The government is “optimistic”, people will download a phone application to track the spread of the coronavirus, but conceded that the task of running the contact tracing system remains “significant”.
Communities Secretary Robert Jenrick said he thought the “vast majority” of people would download the app and “play their part” – although he insisted it was just a part of the plan to stop the spread.
Contact tracing will be at the heart of the Government’s efforts to slow the spread of the coronavirus and will involve alerting people who have come into contact with an infected person and asking them to isolate themselves.
It has been widely used in South Korea, Hong Kong and Germany, where outbreaks have been brought under control more quickly.
The government plans to use an app and a phone team to track it.
Jenrick said at the daily Downing Street press conference: “Finding contacts will depend on our common role in society, but I am optimistic about the outlook.
“So far this is a national effort – if you think about the different measures we have proposed, the restrictions, the vast majority of people have supported it and I think they will start again when we are in able to launch the application nationwide. ”
Dr. Jenny Harries, Assistant Chief Medical Officer of Health, said contact tracing “is operational and effective” is “another important task but (there is) a lot of preparation going on”.
She said, “We need the whole population to work with us on this, it’s an exciting adventure.

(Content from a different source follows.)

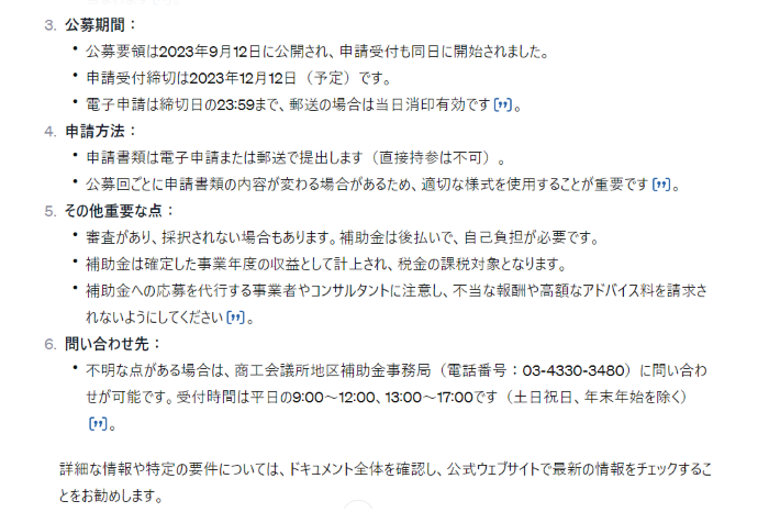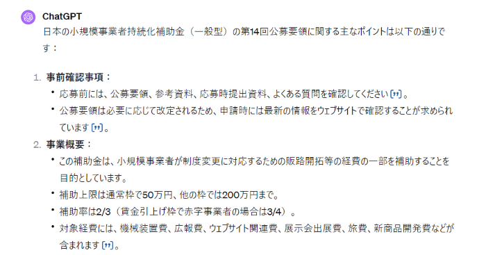 更に「補助対象者を詳しく教えてほしい」など、詳しく教えてもらいたい部分を入れれば、よりその内容を詳しく知ることができます。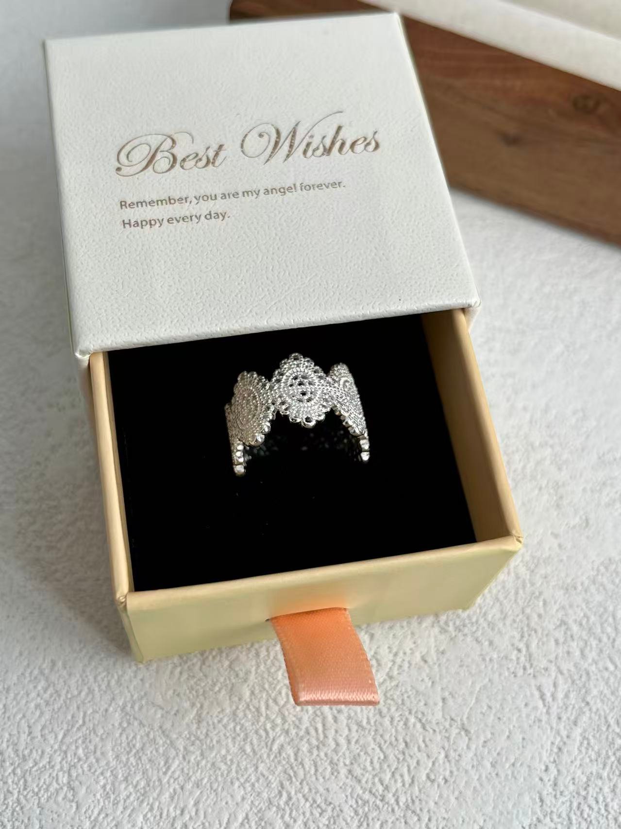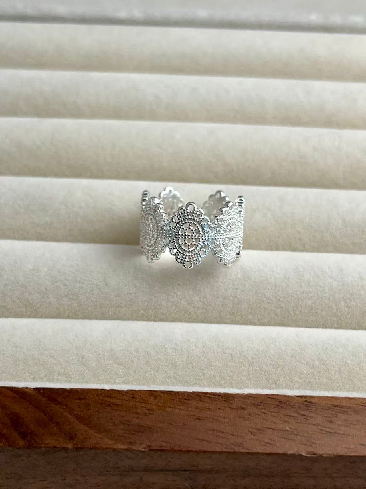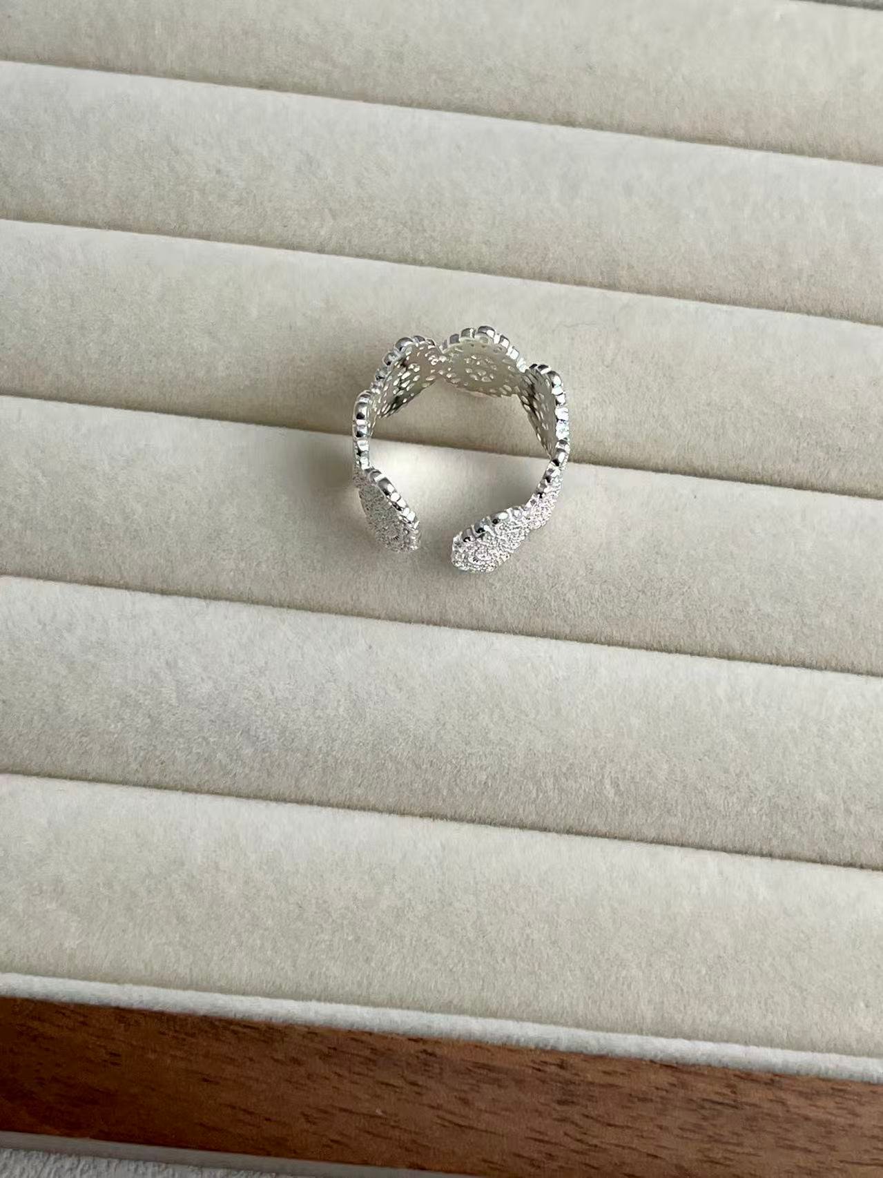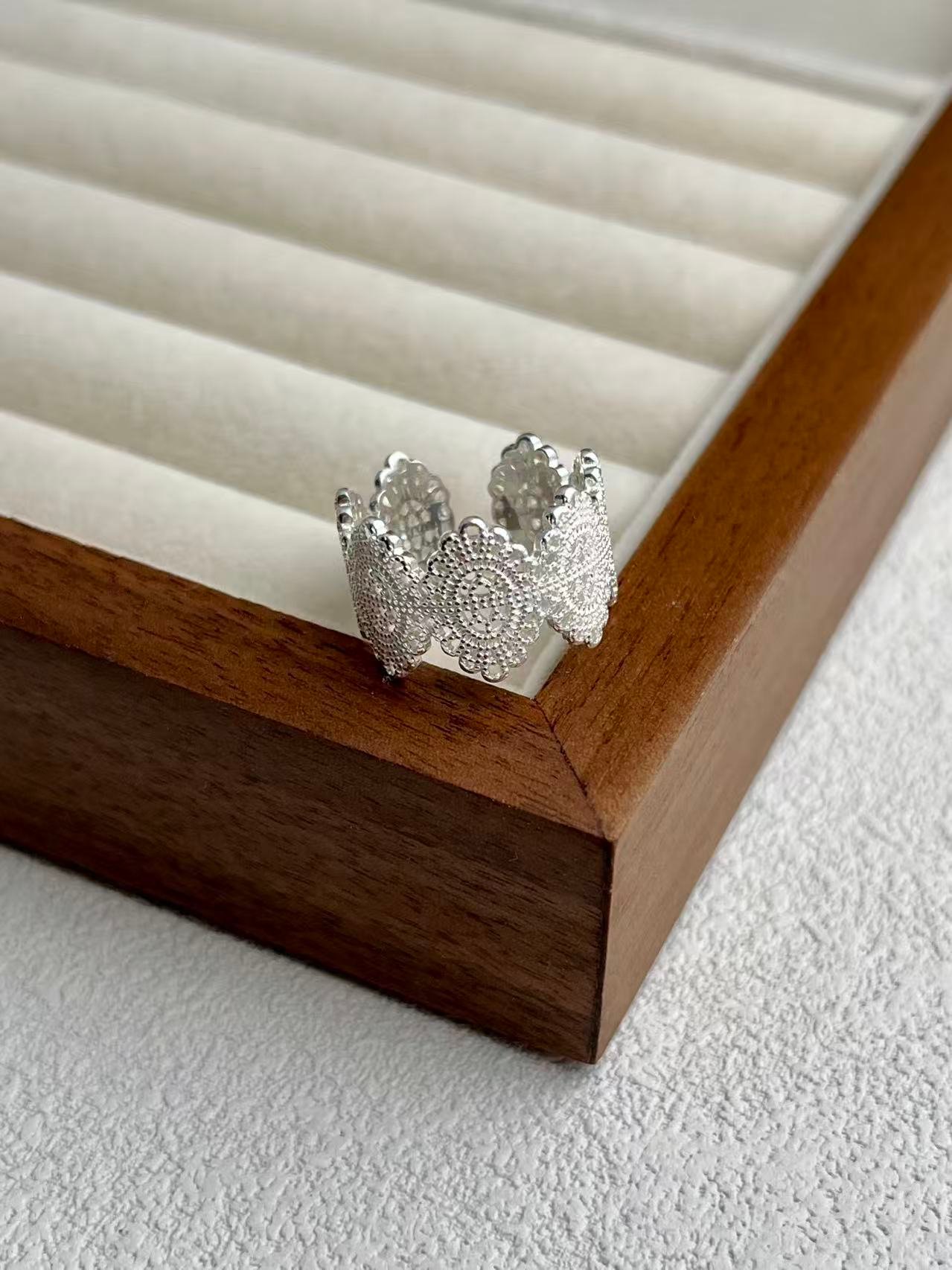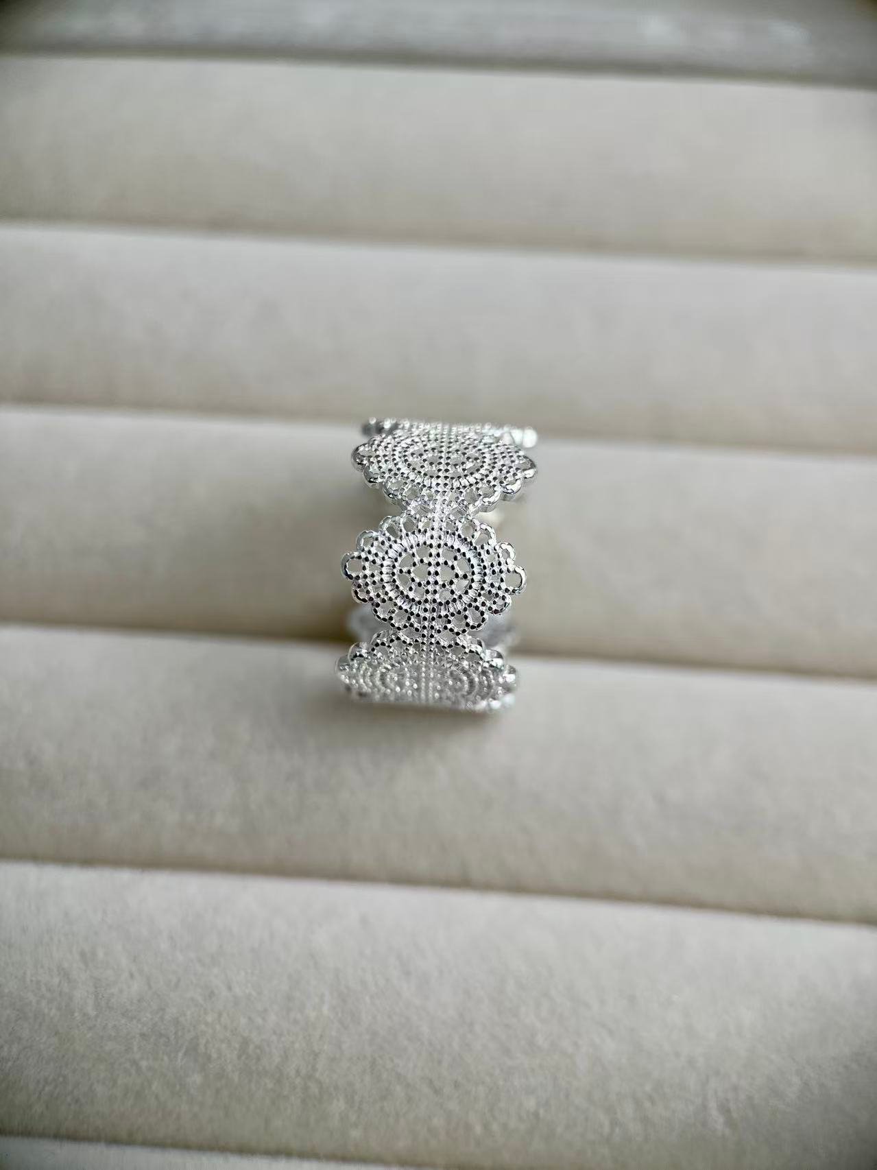Inspirado en el delicado encaje de la época victoriana, este anillo transforma la dureza de la plata en una textura visualmente suave y romántica, capturando la esencia de la feminidad clásica a través de un intrincado patrón calado que evoca los detalles de la alta costura antigua.

“It’s a bit like social distancing, everyone has to do it together to make it work …
“We have to test it and we will do it very soon. “
The number of people who died in hospitals, nursing homes and the wider community after a positive test for the coronavirus in the UK at 5 p.m. Friday rose to 28,131, up from 621.

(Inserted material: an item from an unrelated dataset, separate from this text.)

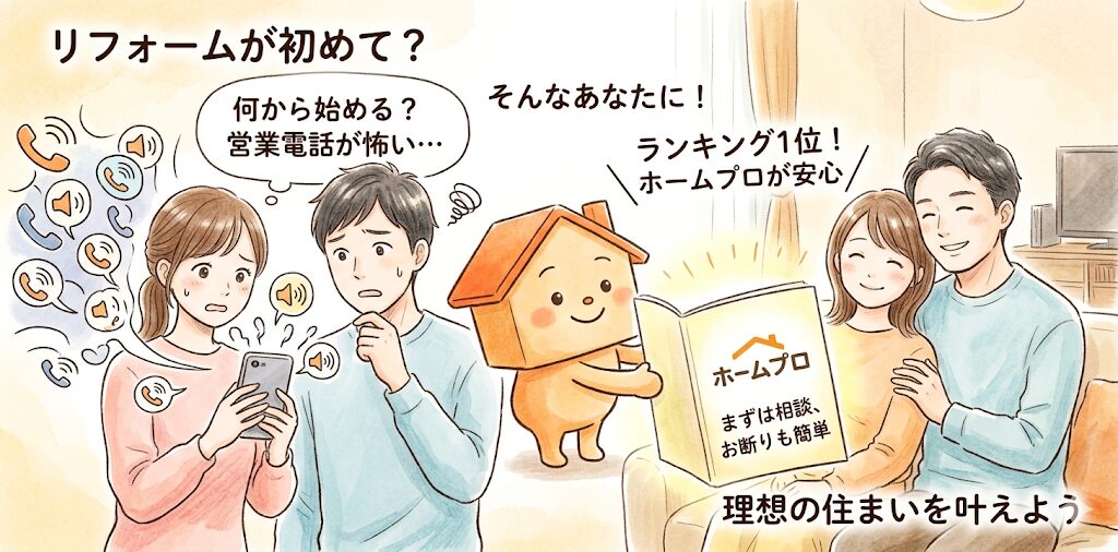 リフォームが初めてで、「何から始めればいいかわからない」「いきなり営業電話が来るのは怖い」という方には、当サイト堂々第1位の「ホームプロ」が圧倒的におすすめです。
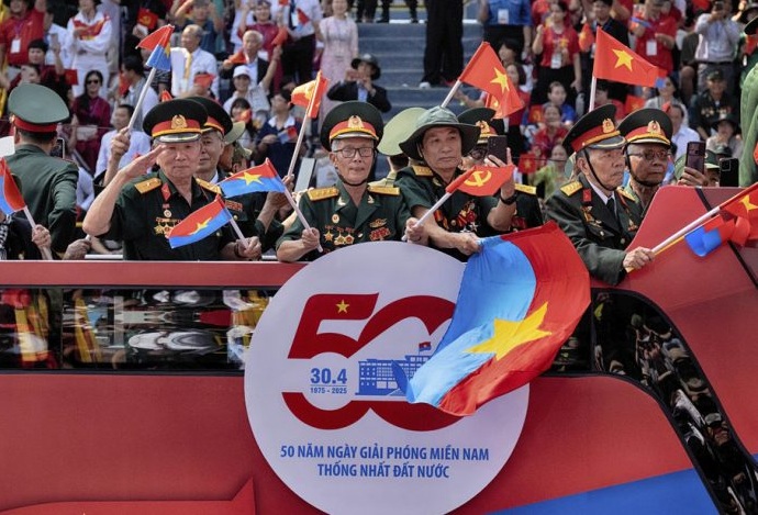 Tropas chinas, laosianas y camboyanas marcharon detrás de las formaciones del ejército vietnamita, incluyendo algunas con uniformes similares a los norvietnamitas durante la guerra. Helicópteros con la bandera nacional y aviones sobrevolaron el desfile cerca del Palacio de la Independencia, donde un tanque norvietnamita atravesó las puertas en el último día de la guerra.

The death toll has come close to that of Italy, which now stands at 28,710 and is the highest in Europe, according to data from Johns Hopkins University.
And the number of daily tests completed and sent in the past 24 hours has dropped to 105,937.
Among these, the number of people tested also fell to 63,667.
This comes after questions were asked about how tests are counted after Health Secretary Matt Hancock said on Friday that he had reached his goal of 100,000 Covid-19 tests per day.
Dr. Harries said that a breakdown of the more than 4,800 new cases exists but was unable to say what proportion were frontline workers or people caught in the community.
“We are looking at this and there are a number of nosocomial subgroups, so the infection is spreading in healthcare facilities and nursing homes, where we absolutely focus on that because we are looking for opportunities to interrupt the transmission and make sure that people are kept safe. ”
Dr. Harries also said:
– People will need to carefully consider how they get into outdoor spaces as the lockout restrictions are relaxed – and should preferably avoid a pub visit along the way.
– Managers “do not yet have enough information” to know if people can get coronavirus more than once, and the signs of immunity can vary from patient to patient.
– There are “some signs” that younger children are potentially less likely to transmit Covid-19, although the quality of the evidence is “difficult”.
Jenrick announced a £ 76 million support program for “the most vulnerable in society”, including victims of domestic violence and coarse sleepers.
He said more than 5,400 raw sleepers known to the boards have been offered safe accommodation in the past month, and announced that Dame Louise Casey will lead a new task force to tackle the problem.